Closed johnhutx closed 2 years ago
Hi, I am not sure if I understand it correctly. Do you want to provide a List[List[str]]
where the first layer is the list of documents and the second layer is the list of sentences in that document?
If so, what's the level of extraction for the extractive summarization?
Yes, I would want to provide a List[List[str]]. Instead of extracting at the sentence level, I would like to extract at the List[str] level. It's just like extracting a group of sentences every time.
Hi @johnhutx, I am not sure if I understand the situation correctly, can you make an example? Is it possible to merge the inner list and use the current API instead?
No problem @niansong1996. Consider a TV screenplay that contains multiple scenes List[scenes]. I would like to extract the important scenes instead of sentences from the screenplay. Each scene usually contains multiple sentences, which can be represented as a List[str]. The goal is to extract the scenes (List[str]) from the screenplay (List[List[str]]).

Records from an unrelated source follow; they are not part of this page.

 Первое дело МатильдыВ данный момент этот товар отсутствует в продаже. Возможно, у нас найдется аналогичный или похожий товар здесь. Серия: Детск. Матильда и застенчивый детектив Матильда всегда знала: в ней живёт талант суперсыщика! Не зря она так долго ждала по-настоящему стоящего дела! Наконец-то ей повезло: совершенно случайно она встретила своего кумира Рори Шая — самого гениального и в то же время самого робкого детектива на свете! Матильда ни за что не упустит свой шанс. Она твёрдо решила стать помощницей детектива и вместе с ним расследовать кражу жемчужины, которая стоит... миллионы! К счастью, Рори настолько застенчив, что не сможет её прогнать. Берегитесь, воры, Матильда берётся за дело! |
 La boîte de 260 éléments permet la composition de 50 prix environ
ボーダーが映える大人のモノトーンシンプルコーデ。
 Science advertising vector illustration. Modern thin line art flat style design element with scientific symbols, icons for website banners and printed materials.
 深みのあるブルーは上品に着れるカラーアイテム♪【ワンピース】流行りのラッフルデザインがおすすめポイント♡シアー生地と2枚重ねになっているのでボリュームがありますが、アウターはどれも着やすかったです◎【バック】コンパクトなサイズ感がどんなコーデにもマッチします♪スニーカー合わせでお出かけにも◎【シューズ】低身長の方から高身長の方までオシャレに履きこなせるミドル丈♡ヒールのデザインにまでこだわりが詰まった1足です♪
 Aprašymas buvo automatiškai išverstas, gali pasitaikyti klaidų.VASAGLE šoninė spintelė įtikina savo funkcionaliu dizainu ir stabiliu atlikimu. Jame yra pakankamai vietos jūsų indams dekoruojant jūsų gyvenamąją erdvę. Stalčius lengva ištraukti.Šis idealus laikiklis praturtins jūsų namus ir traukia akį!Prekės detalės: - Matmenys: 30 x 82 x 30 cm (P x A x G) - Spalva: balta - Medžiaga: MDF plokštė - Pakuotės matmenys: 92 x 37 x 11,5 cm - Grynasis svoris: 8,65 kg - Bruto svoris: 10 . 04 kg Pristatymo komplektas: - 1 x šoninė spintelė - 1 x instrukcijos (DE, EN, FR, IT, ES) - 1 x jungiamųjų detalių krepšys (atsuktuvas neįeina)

Thanks for the clarification, it's much clearer to me now.
If you would like to extract scenes using summarization, I assume there is no query? Does this mean that the model would need to figure out which scenes are more important than others?

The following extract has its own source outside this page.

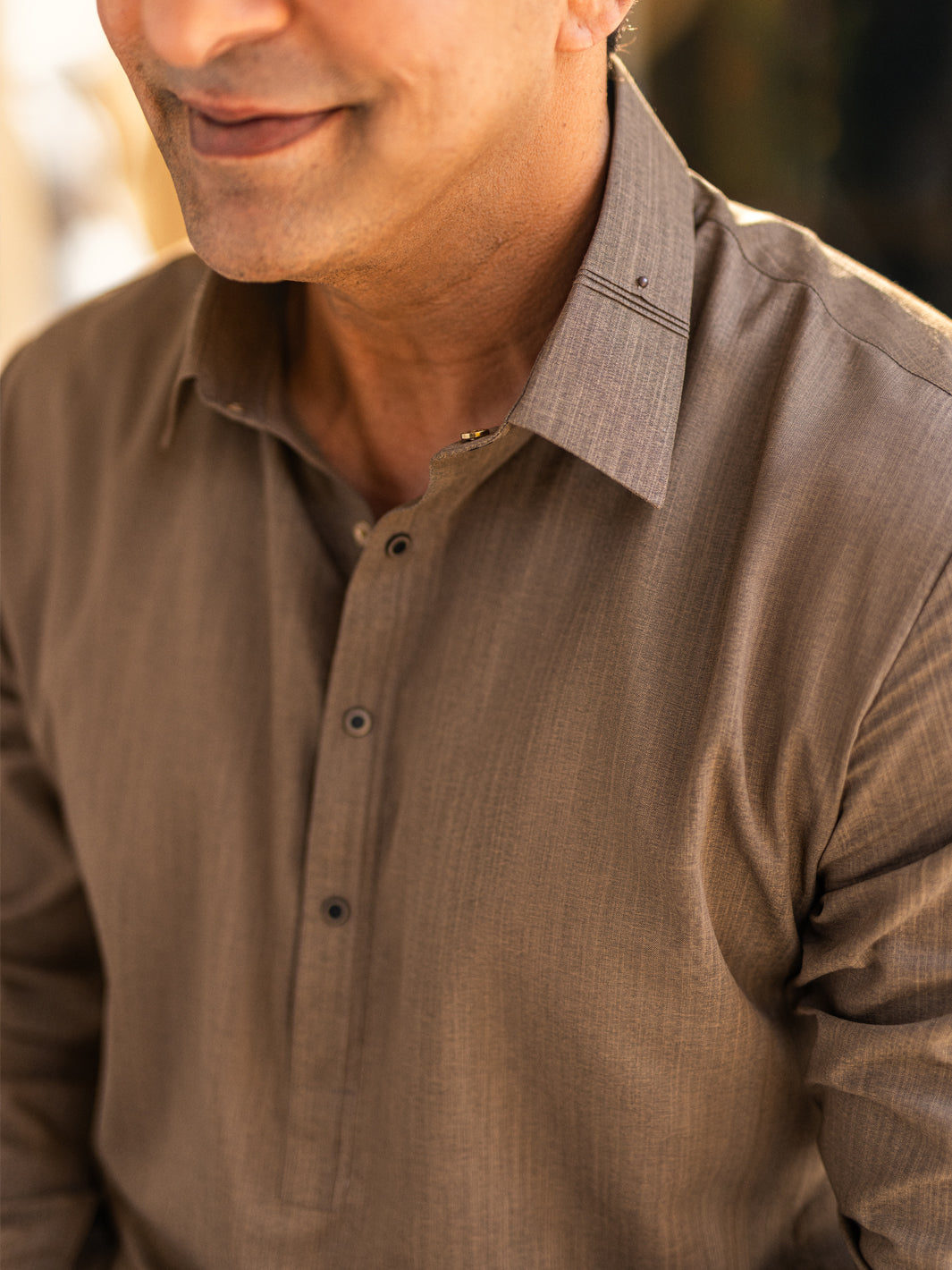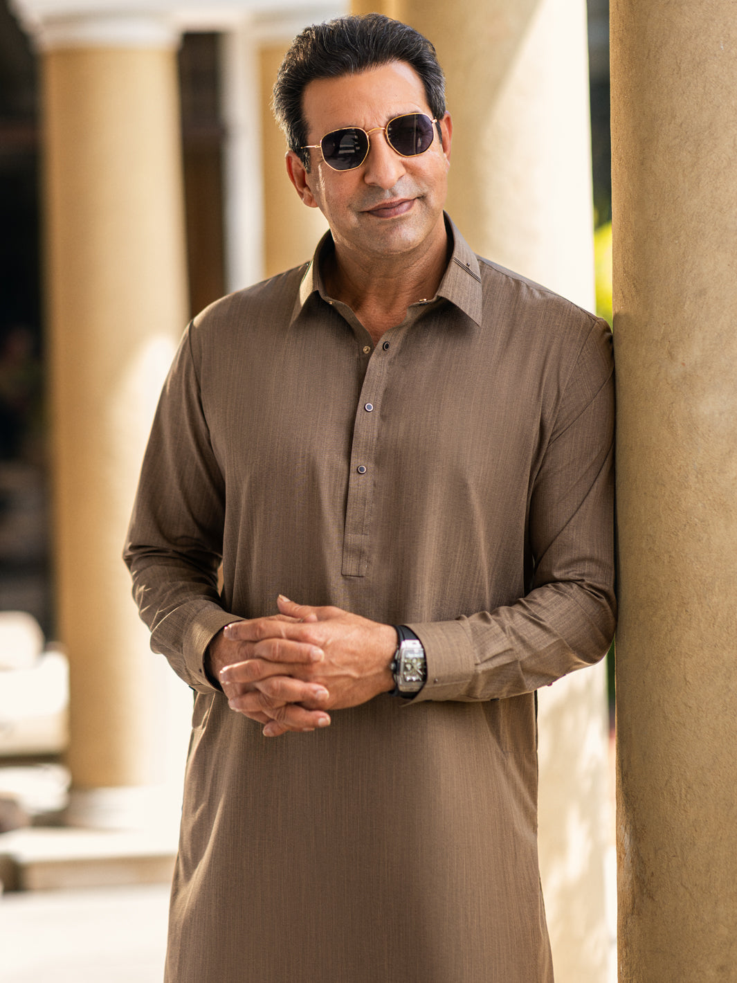 Brown Blended Kameez Shalwar - ALWA-KS-450

For the task you described, I think probably the best choice is to make a subclass of our lexrank model here and customize it (change L27-40). In our implementation, we split the document into a list of sentences, but you could potentially input a list of scenes, each one of which is concatenated sentences from the scene.
Hope this is helpful.
Thank you for the clarification.
Hello, Is it possible to provide a list of (already split) sentences as the source input to the summarizer, as opposed to a single source document? The goal is to treat each list of sentences as one long sequence during extractive summarization.